Indications prior to the bookbuild were that long-only investors were very positive on the company’s underlying story but concerned about paunchy valuations. Generating interest was never a problem — the issuer and syndicate managed to garner $4 billion of demand from institutions and $2 billion from Chinese friends and family on the first day of the bookbuild.
The issue was that all of the demand came in at the bottom end of the HK$8 to HK$11.25 per share range. This contrasted with the views of the company’s existing shareholders — which included Shanghai-based CDH Group, Goldman Sachs, Temasek and New Horizons — who felt the company deserved a higher valuation because they wanted sell their stakes. This created an overhang that investors could not shake.

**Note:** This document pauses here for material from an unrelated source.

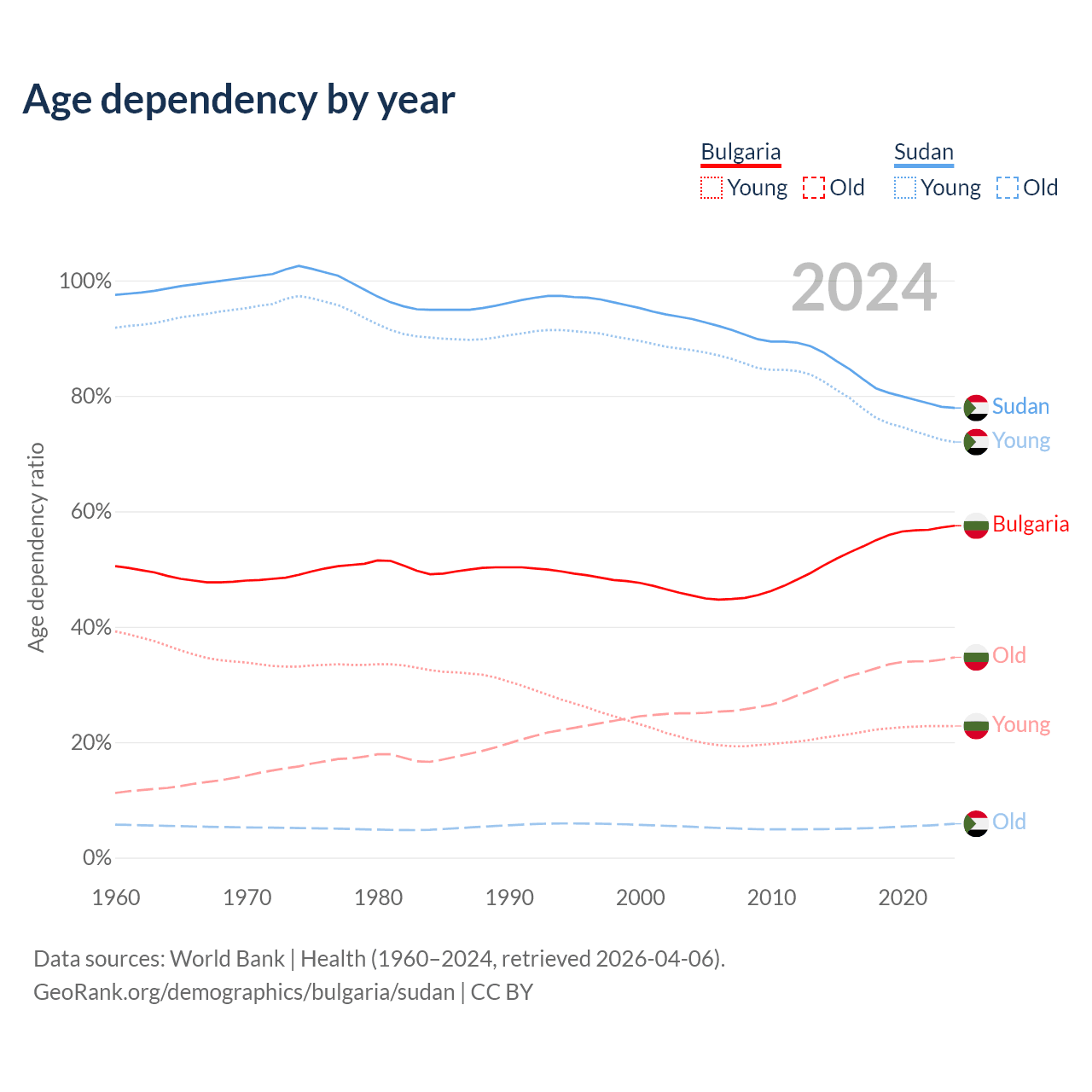 - Bulgaria is ranked 12/196 by median age (oldest to youngest) vs 172/196 for Sudan.
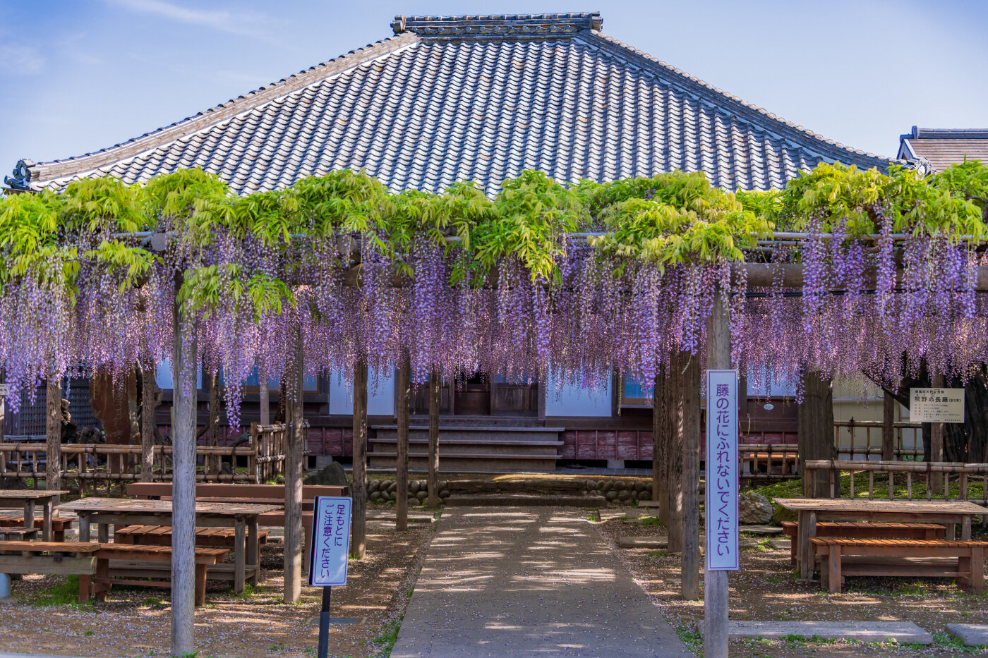 花の房の長さが1m以上にもなる推定樹齢800年の熊野の長藤(国と県の天然記念物)が咲きます。境内にはさらに17本の藤。すぐ裏には、豊田熊野記念公園(西法寺公園)があり、そこにも藤棚があります。

It led WH Group to restructure the IPO by slimming down the deal to $1.34 billion to $1.88 billion, halving the primary share offering to 1.3 billion shares from 3.65 billion, and removing the secondary tranche. However, it kept the share price range unchanged, which meant the shares were valued at between 13.9 and 19.3 times expected 2014 earnings — a mistake and the main reason the deal failed.
Too many cooks
The record number of bookrunners on the deal was an additional hindrance. Fund managers complained about getting multiple calls from different banks with different information on the same company.
Organisation among the banks themselves was difficult — one ECM banker described a room crammed full of 50-some odd bankers all shouting different advice to company executives the week the deal was pulled.
The lack of synergy at the company also concerned investors, an issue the company has not addressed despite its strong first-quarter earnings.
WH Group purchased US pork producer Smithfield’s last year for $7.1 billion, and planned to use the proceeds from the IPO to reduce its debt gearing ratio, which stood at 286% at the end of 2013. But the US and Chinese business units remained separate, with proper synergies not expected for years.
Some investors felt WH Group should have spent more time unifying the two companies instead of hurrying to capital markets to pay down its massive debt.
One fund manager summed it up at the time the IPO was pulled: “They [WH Group] rushed into the IPO and didn’t spend time to actually create the synergy between the US and Chinese businesses. They wanted to float the stock to fund the acquisition and also let the private equity firms exit. If WH Group is that good, then ride with me. Why should I buy when you’re selling?”
But a few months can make a difference, at least in terms of general market sentiment. In the first five months of the year, 16 deals raised $7.8 billion, with a significant chunk coming from HK Electric’s $3.1 billion IPO. In June alone, however, 19 deals were completed worth $3.6 billion, according to a US bank data. The Hang Seng China Enterprises Index ETF also rose 4% in June.
So now, with a slimmed-down team coordinating the sale and a lower price range, one of this year's darling IPOs could yet see light after all.